Except for the howling wind and distant sirens, there were no other sounds. Soon even their fresh tracks would be blown over. For the moment they were safe.
But he wanted answers. “She’s your spy? You and Wey Chen are in cahoots?” he said, turning on Yuri.
“I wouldn’t say ‘cahoots’ exactly,” the Russian began, once more affecting that damned everything’s-fine-I’ve-got-it-all-under-control tone.
Big mistake.
Terry grabbed him by the shoulders and wrenched him onto the ground, pinning both arms with his knees. Pulling up the man’s faceplate, he enjoyed the black fear in those normally playful eyes. “No more of your crap, Yuri!”
“I’m telling you the truth. She’s working with me--”
“That woman’s a spy for her side. Might even be up to her eyeballs in the making of SHAKES. Did she promise you a deal to set me up?”
“No! It’s not what you think--”
Terry’s hands went for the throat.
Yuri instinctively tucked his chin and protected the vulnerable structures of his larynx.
Terry’s thumbs forced their way past the muscular resistance, and, with surgical precision, found Yuri’s hyoid bone and thyroid, cricoid cartilages--the structures of the Adam’s apple. He pressed, powered by a fury that verged on ecstasy. The purpling face and bulging eyes drove him to squeeze all the harder. “The woman let us go, Yuri. It was plain as day. What’s her game?”
“Yes, she let us go,” his victim gurgled. “I knew she would. Because I have something she needs. And she has what we need--”
“We? Don’t include me in your fucked-up tricks--”
“I swear, the woman’s going to help us. She didn’t trust her own contact, some big shot in government . . .”

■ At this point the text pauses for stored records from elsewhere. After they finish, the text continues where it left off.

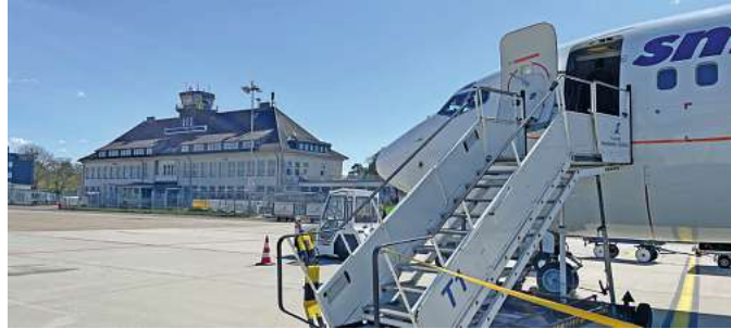
Fliegen ab Braunschweig mit momento by DER SCHMIDT ist ein exklusives Erlebnis

Den Katalog, weitere Informationen und Buchungsmöglichkeit dieser exklusiven Angebote unter www.fliegen-ab-braunschweig.de , im FIRST Reisebüro Schmidt und weiteren Reisebüros oder unter der kostenfreien (aus dem dt. Festnetz) Buchungshotline T. 08 00 / 38 300 38 (Mo.-Fr. 9-18, Sa. 9-13 Uhr).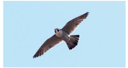
展示予定写真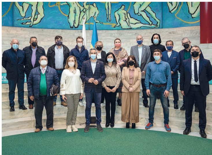
Foto de familia de los asistentes a la presentación del concierto solidario con Ucrania.

Las entradas tienen un precio único de 10 euros y también se ha habilitado una Fila 0 para recaudar el mayor número de aportaciones posibles. Además, el Gobierno de Cantabria también tiene habilitada una cuenta (ES37 0049 6742 52 2416330868) para colaborar con aportaciones y ayuda al pueblo

Yuri’s attempts at an explanation trailed off to a croak, and in the distant, orange glow, his face took on the hue of a fresh bruise. The sight sent Terry’s savage euphoria to new heights. All the bullshit that had brought the world to the brink--all the conning and lies and games and agendas of everyone from presidents to generals to self-indulgent gangsters and traitorous doctors--embodied itself in Yuri. He’d done this--done it to Carla!